What does this stuff, which personally we should really throw out our own light and gas bills at least 5 years after they’ve been paid, tell me about a ELCotA parishioner? Apparently you didn’t have to live near the church. You could just drive in from Alexandria, worship in DC and I guess go to the office. Because seriously, how does this stuff wind up in your working files?
Anyway, commuting church goers aren’t new and we still deal with them to this day. I just hope none are not the head of a government agency and have a habit of stuffing church crap in their office files.

Scraps of DC History- RLA

If I ever, ever, which looks like not at all on my current path, write a history of urban renewal from the neighborhood perspective in Washington, DC I will have to include the District of Columbia Redevelopment Agency (RLA). According to the US Government Organization Manual the RLA was:

Created by act of Aug 2, 1946 (60 Stat. 790), to provide for replanning, rebuilding, and rehabilitation of slum and blighted areas in the District of Columbia.

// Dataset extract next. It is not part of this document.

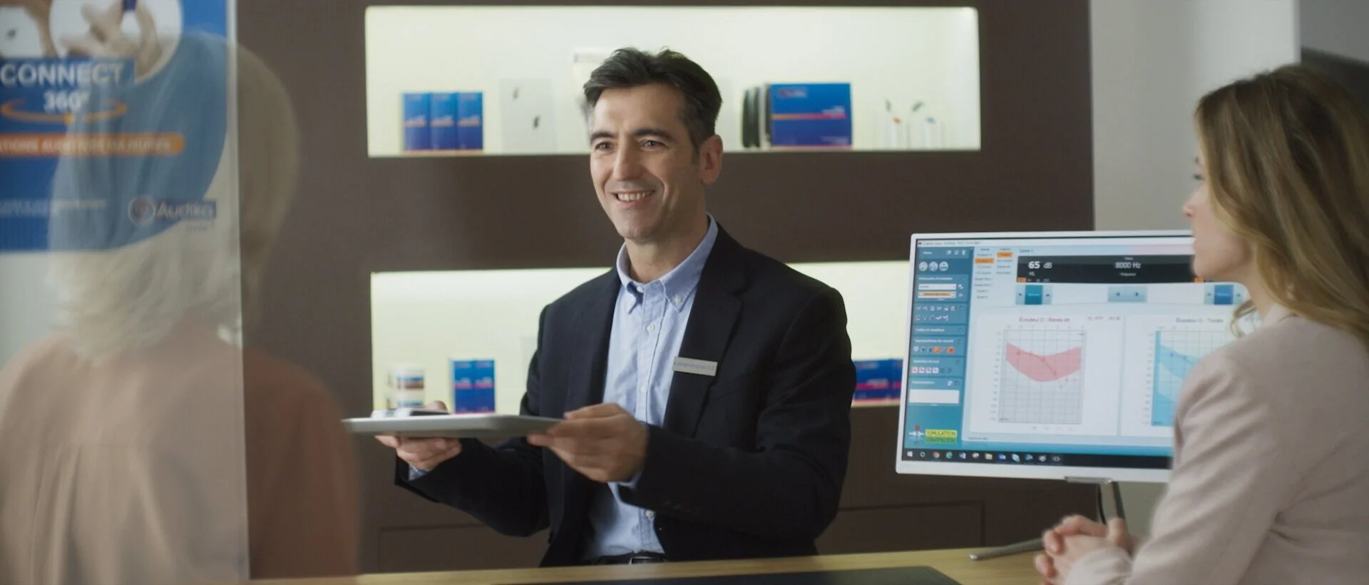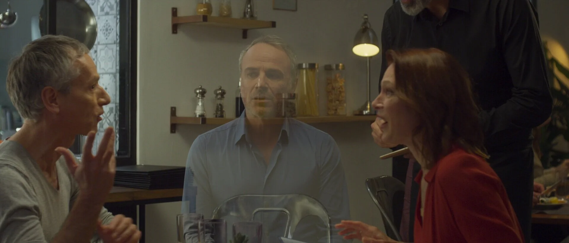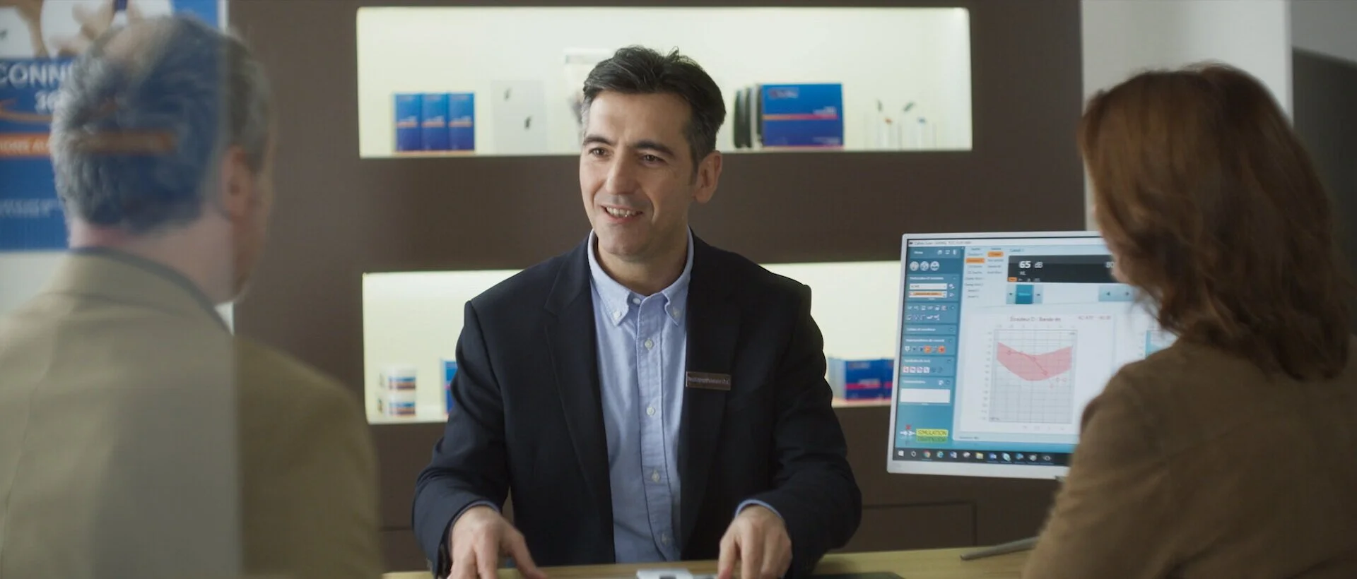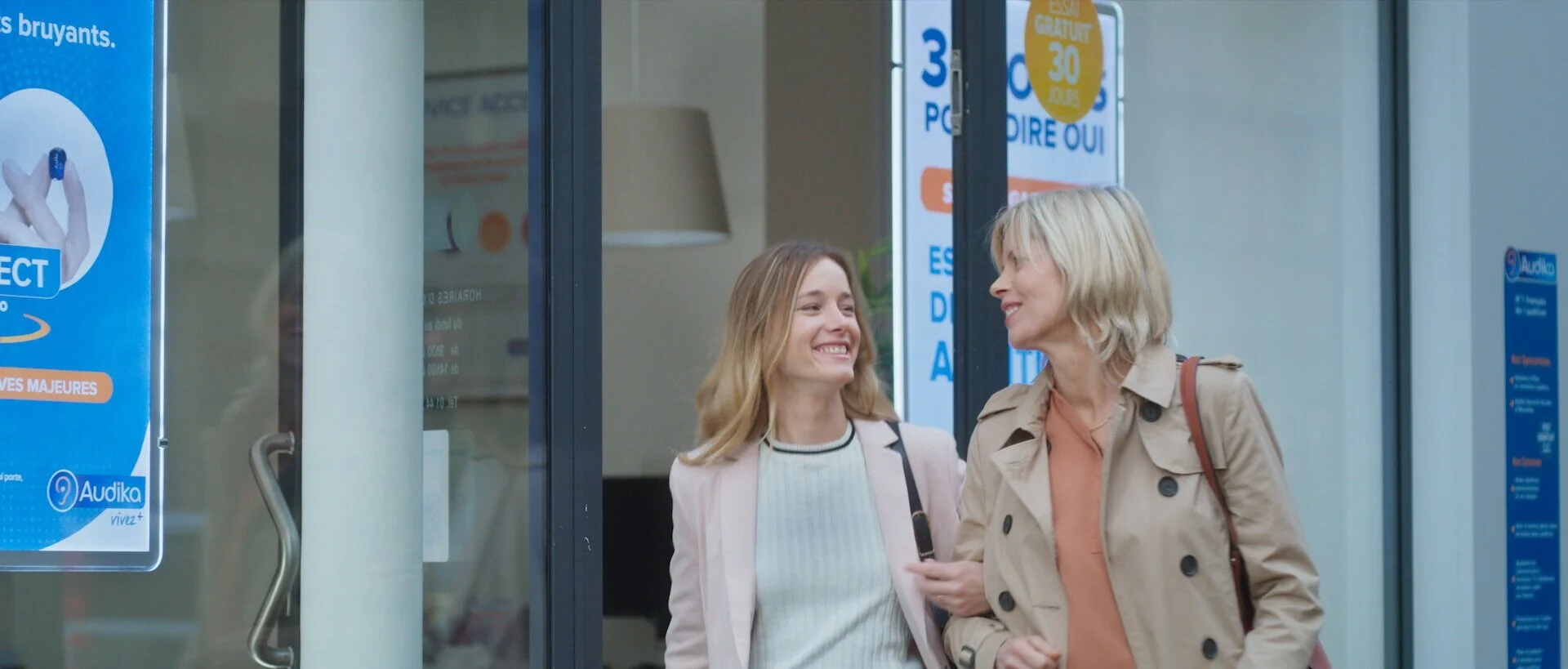 L'idée était aussi de montrer deux situations de vie différentes. Sur le premier film on est en famille. La femme jouée par Andréa Noelle est mal à l'aise car elle n'entend pas sa fille (Justine Thibaudat) et son gendre évoquer avec leurs enfants leurs prochaines vacances. Tandis que sur le second film on est dans un restaurant en soirée et l'homme joué par Olivier Neveux n'arrive pas à entendre sa femme (Marie Legault) et son meilleur ami qui se moquent de lui. Ces deux situations sont typiques des problèmes des personnes malentendantes, c'est quelque chose de très commun que souvent elles ont du mal à s'avouer... C'est pour cela que je tenais aussi à les voir prendre rendez-vous dans la séquence chez Audika en couple pour leur donner du courage. En quelques petites situations j'ai essayé de transmettre le maximum de petites émotions dans des situations de la vie de tous les jours.

The District of Columbia Self-Government and Governmental Reorganization Act of Dec 24, 1973 (87 Stat. 774), established the agency as an instrumentality of the District of Columbia government, effective July 1, 1974

A post war agency to deal with slums turned into something that helped with the destruction of SW. Which who knows, may have needed destroying in parts, but not to the extent it did with the SW Urban renewal in the 50s and 60s.